Officially, over the past ten years, $543 billion in Medicaid spending accounted for improper payments. However, for more than one reason, eligibility checks were excluded from improper-payment measurements for much of the decade. In the few years during which eligibility checks were audited in the course of improper-payment measurements, the rates spiked dramatically: in some years, roughly a quarter of all Medicaid expenditures were improper. Some estimates suggest that once eligibility checks are factored in, Medicaid improper payments could be more than twice the officially reported amount.

“Meanwhile, hospitals and insurance providers are incentivized to lobby for program expansions, higher reimbursement rates, and relaxed eligibility rules in pursuit of higher revenue,” Dominic Lett at the Cato Institute explains. “[A]n unholy alliance between state politicians and providers” is thus formed to obtain more federal dollars.

Medicaid is a deeply fractured program – administered by states, increasingly paid for by the federal government, permeated with waste, and undermined by states and providers pursuing their own interests. It is governed by prices set bureaucratically and by eligibility rules loosely defined and enforced.

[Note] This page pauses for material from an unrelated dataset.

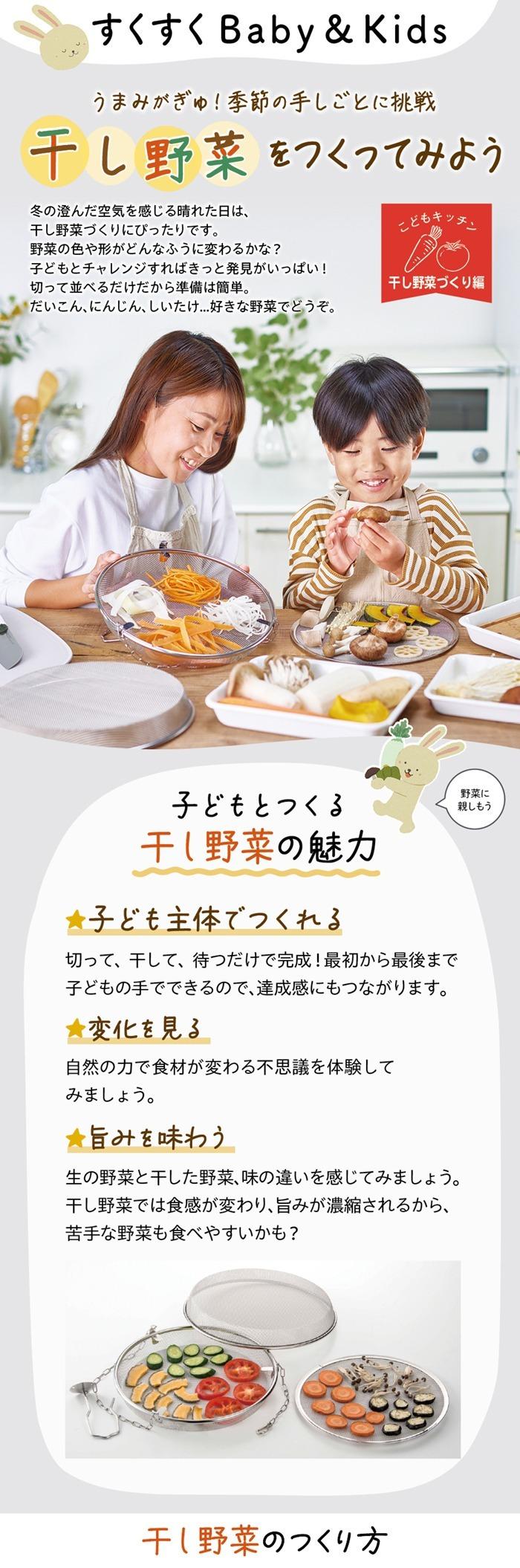 干し野菜やドライフルーツ、魚の干物を作ってみませんか。栄養や旨味が凝縮し、日持ちするので少しずつ使え、毎日の料理に大活躍。清潔に使えるステンレス製です。

From such a system, fraud results as organically as pain results from a fracture. It is symptomatic of a Medicaid system in which per-enrollee spending is projected to exceed $12,500 this year—roughly $4,000 more than private health insurance spending per insured person. Targeting fraud apart from reforms that would mend Medicaid’s underlying structure is a remedy akin to a pain reliever—necessary in the short term, but inadequate to restore the program to proper function.